What the task requires: Exact copy, no pictures: return all the data below as written.

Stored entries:
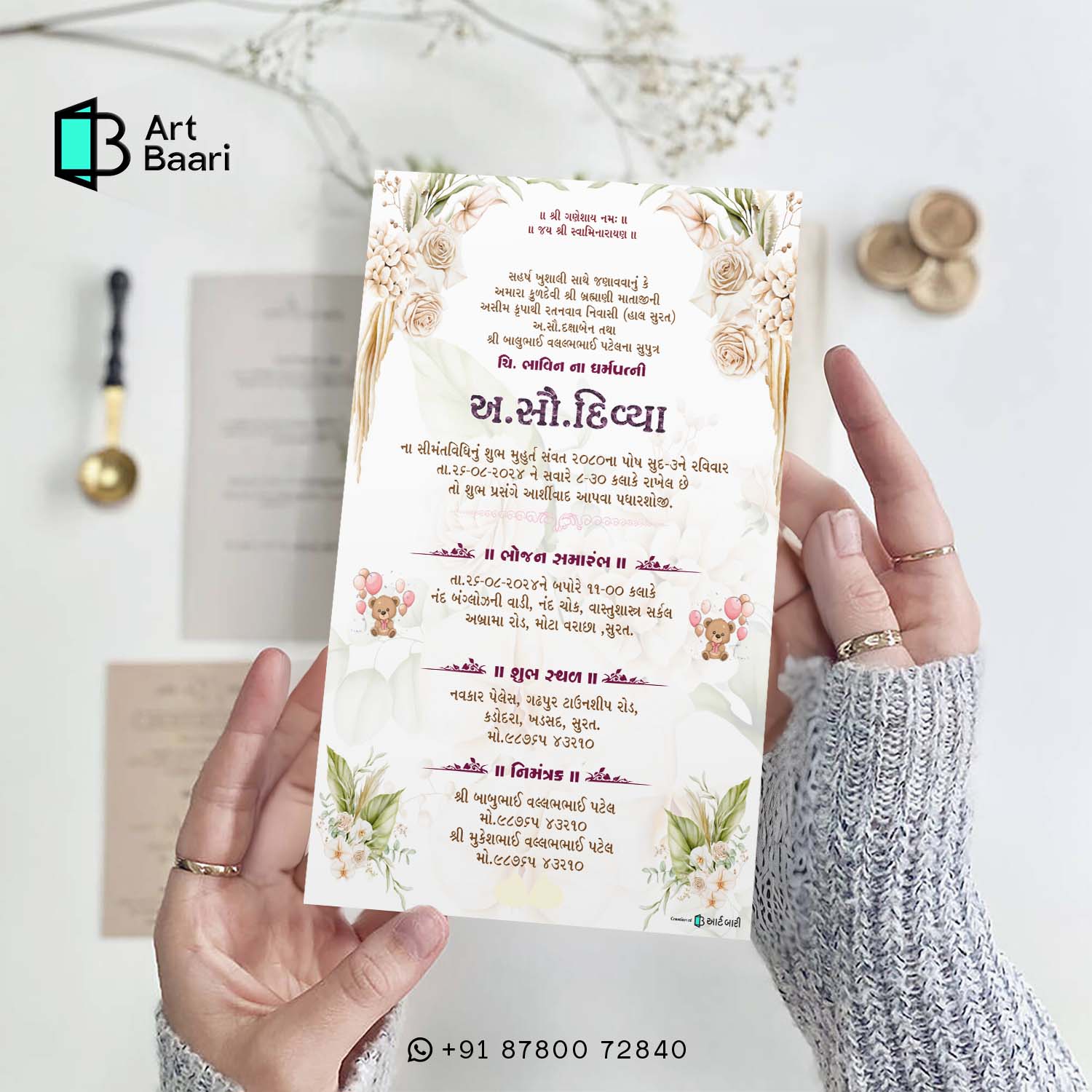 Baby Shower Invite in Gujarati || Best Simant Vidhi || Digital E Invite || Modern Satyle – BSG40048
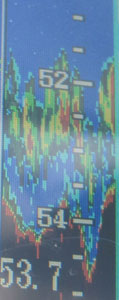 Desafortunadamente, nuestra alegría duró poco. Estábamos en un laderón de 240 m. de sonda (arriba hay 220 m.) y el ancla fué garreando poco a poco hacia abajo, sacándonos del sitio.Pese a nuevas "enmendás", el pescado que encontramos luego fueron sobretodo, jureles negros, "pollos" y besugo de menos categoría .
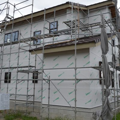 こんにちは。 昨日の日曜は、建築現場にてお客様と打合せでした。 逆走台風の心配もあり、足場の養生シートもはずされて 建物の外観が良く分かるようになっていました。 今回打合せしたのは、主に電気配線です。 コンセントの位置の確認や照明器具のタイプや取付位置。 その他にも内装の確認。 実際に建てて...
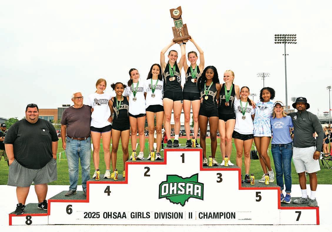 The Blazer track and field team stood at the top of the podium as state champions at the 2025 OHSAA Division II track and field meet. The team victory included a first-place finish by the 4x100M relay team of Chloe Battle ’26, Jane Kennedy ’25, Aaris Minter ’26, and Isabelle Seelbach ’26.
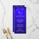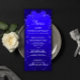 A very elegant, sophisticated royal blue wedding menu which can be easily customised with your own wedding reception food, it features a lush pattern of blue and silver scrolls on the edging, and the reverse side can be customised with the bride and groom's monogram (or left blank if desired).

Output of the exercise:
 Baby Shower Invite in Gujarati || Best Simant Vidhi || Digital E Invite || Modern Satyle – BSG40048
 Desafortunadamente, nuestra alegría duró poco. Estábamos en un laderón de 240 m. de sonda (arriba hay 220 m.) y el ancla fué garreando poco a poco hacia abajo, sacándonos del sitio.Pese a nuevas "enmendás", el pescado que encontramos luego fueron sobretodo, jureles negros, "pollos" y besugo de menos categoría .
 こんにちは。 昨日の日曜は、建築現場にてお客様と打合せでした。 逆走台風の心配もあり、足場の養生シートもはずされて 建物の外観が良く分かるようになっていました。 今回打合せしたのは、主に電気配線です。 コンセントの位置の確認や照明器具のタイプや取付位置。 その他にも内装の確認。 実際に建てて...
 The Blazer track and field team stood at the top of the podium as state champions at the 2025 OHSAA Division II track and field meet. The team victory included a first-place finish by the 4x100M relay team of Chloe Battle ’26, Jane Kennedy ’25, Aaris Minter ’26, and Isabelle Seelbach ’26.
 A very elegant, sophisticated royal blue wedding menu which can be easily customised with your own wedding reception food, it features a lush pattern of blue and silver scrolls on the edging, and the reverse side can be customised with the bride and groom's monogram (or left blank if desired).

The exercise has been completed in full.